Blue Grotto Capri

The Blue Grotto (Italian: Grotta Azzurra) is a sea cave on the coast of the island of Capri, southern Italy. Sunlight, passing through an underwater cavity and shining through the seawater, creates a blue reflection that illuminates the cavern. The cave extends some 50 metres into the cliff at the surface, and is about 150 metres deep, with a sandy bottom. The cave is 60 meters long and 25 meters wide. The cave mouth is two meters wide and roughly one meter high. For this reason, entrance into the grotto can only be achieved when tides are low and the sea is calm. Without calm seas and low tides, the grotto becomes inaccessible, as the 1-meter entrance is impossible to pass. To enter the grotto, visitors must lay flat on the bottom of a small 4-person rowboat. The oarsman then uses a metal chain attached to the cave walls to guide the boat inside the grotto. Swimming in the grotto is forbidden, both for safety reasons and to preserve water clarity. The Blue Grotto is one of several sea caves, worldwide, that is flooded with a brilliant blue or emerald light. The quality and nature of the color in each cave is determined by the particular lighting conditions in that particular cave.
In the case of the Blue Grotto, the light comes from two sources. One is a small hole in the cave wall, precisely at the waterline, that is a meter and half in diameter. This hole is barely large enough to admit a tiny rowboat, and is used as the entranceway. In photographs taken from within the cave, the above-water half of this hole appears as a spot of brilliant white light. The second source of light is a second hole, with a surface area about ten times as large as the first, which lies directly below the entranceway, separated from it by a bar of rock between one and two meters thick. Much less light, per square meter, is able to enter through the lower opening, but its large size ensures that it is, in practice, the primary source of light.
As light passes through the water into the cave, red reflections are filtered out and only blue light enters the cave. Objects placed in the water of the grotto famously appear silver. This is caused by tiny bubbles, which cover the outside of the object when they are placed underwater. The bubbles cause the light to refract differently than it does from the surrounding water and gives off the silver effect.

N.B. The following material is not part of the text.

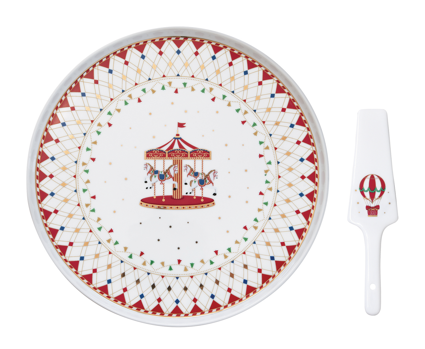 Die Tortenplatte hat einen Durchmesser von 32 cm. Das Motiv auf der Porzellanplatte ist das nostalgische Karussel. Der passende Tortenheber hat den Ballon als Motiv.. Die Kuchenplatte wird in einer dekorativen Geschenkbox geliefert.

In part because of the dazzling effect of the light from the above-water opening, it is impossible for a visitor who is in one of the rowboats to identify the shape of the larger hole, the outline of the bar that separates the two holes, or even the nature of the light-source, other than a general awareness that the light is coming up from underneath, and that the water in the cave is more light-filled than the air. A visitor who places a hand in the water can see it “glow” eerily in this light.